July 1, 2011

 

US pork council wants FTAs approved before August

 

 

The US National Pork Producers Council urged lawmakers in both houses to approve the three pending free trade agreements with Colombia, Panama and South Korea before Congress' August recess.

 

This was after Wednesday's (Jun 29) announcement that the Senate Finance Committee will hold a 'mock' markup of the said deals.

 

 "It is imperative that the agreements with Colombia, Panama and South Korea be approved before Congress takes its month-long break," said Doug Wolf, NPPC president and a pork producer from Lancaster, Wis. "US pork producers need new and expanded market access to remain competitive in the global marketplace.

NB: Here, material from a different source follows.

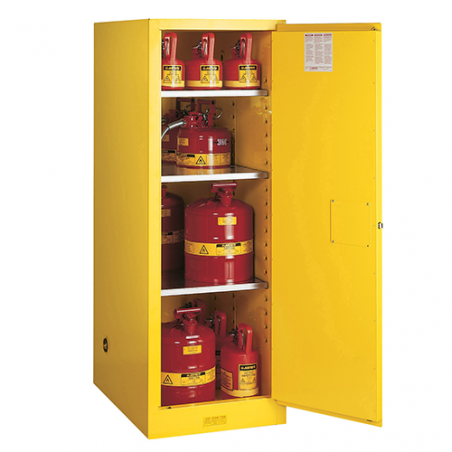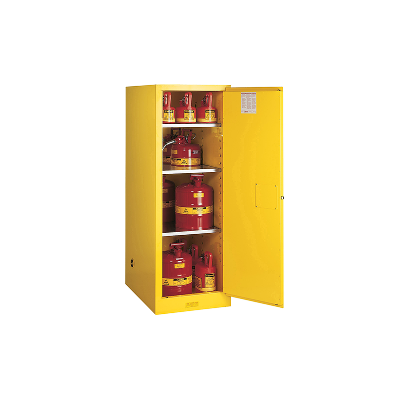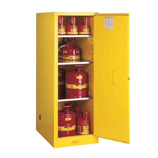 Szafa do przechowywania substancji łatwopalnych firmy JUSTRITE. Zapewniają one bezpieczne magazynowanie materiałów łatwopalnych, ograniczając w dużych stopniu zagrożenie pożarowe oraz działają na korzyść ochrony pracownika i mienia. Posiada dwa otwory, które wyposażone są w pułapkę przeciwogniową, skutecznie rozdmuchują ciepło w razie wybuchu pożaru. Sposoby zamykania szafy: na kluczyk lub przy użyciu kłódki. Pozwala to na zabezpieczenie zawartości szafy, przed dostępem osób niepowołanych. Trzypunktowy system zatrzasków, zapewnia szczelne domknięcie drzwiczek przy każdorazowym zamknięciu, nawet jeśli nie przekręcimy kluczyka w zamku. Możliwe jest uziemienia szafy w celu odprowadzenia ładunku elektrostatycznego, tym samym równoważą ryzyko pożaru w wyniku powstania przypadkowej iskry. Wyposażona w półki o odpowiedniej nośności oraz wytrzymałości (zgodnych z normą ANSI), półki w szafie pozostają minimalnie nachylone, tak aby kierować wyciekające płyny do tyłu szafy, a dalej w dół, do misy wychwytowej.
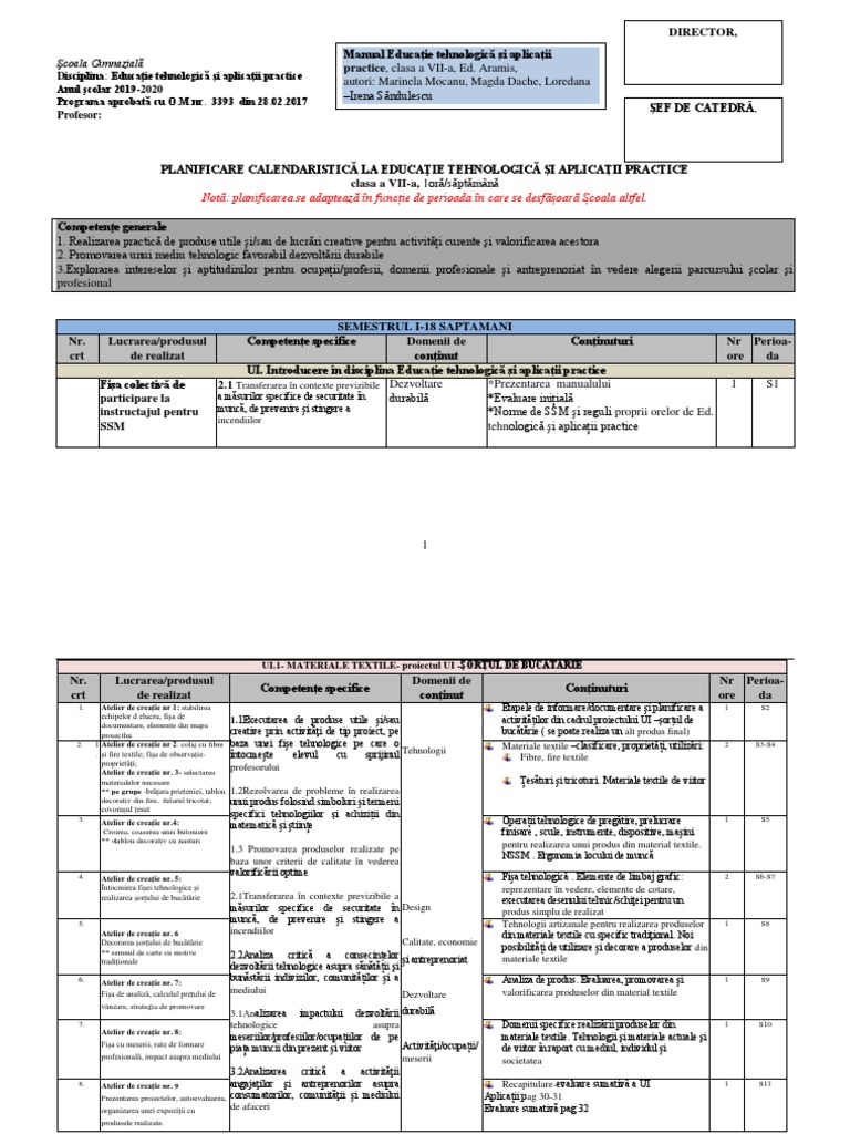 Doc Disciplina Educatie Tehnologica Planificare Calendaristica Clasa A Vi A Semestrul I Modulul I Economia Familiei Ionut Ionutu Academia Edu

And the way to get that is through free trade agreements."

 

For the US pork industry, the deals with Colombia, Panama and South Korea would add more than US$11 to the price producers receive for each hog and generate more than 10,000 jobs, according to Iowa State University economist Dermot Hayes.

 

"We need to implement these FTAs now," Wolf said, "because while these deals have languished for more than three years, our competitors have negotiated their own trade agreements with Colombia, Panama and South Korea, and the US has lost market share in those countries."

 

In fact, the EU's trade agreement with South Korea goes into effect July 1, and Colombia and Panama are nearing completion on deals with Canada.

 

Iowa State's Hayes has estimated that the US pork industry would be out of all three markets in 10 years if the US fails to implement the FTAs and Colombia, Panama and South Korea move forward on trade deals with other nations. The US would lose thousands of jobs under such a scenario.

 

Exports are vital to the US pork industry, which last year shipped nearly US$4.8 billion of pork, an amount that added about US$56 to the price producers received for each hog marketed.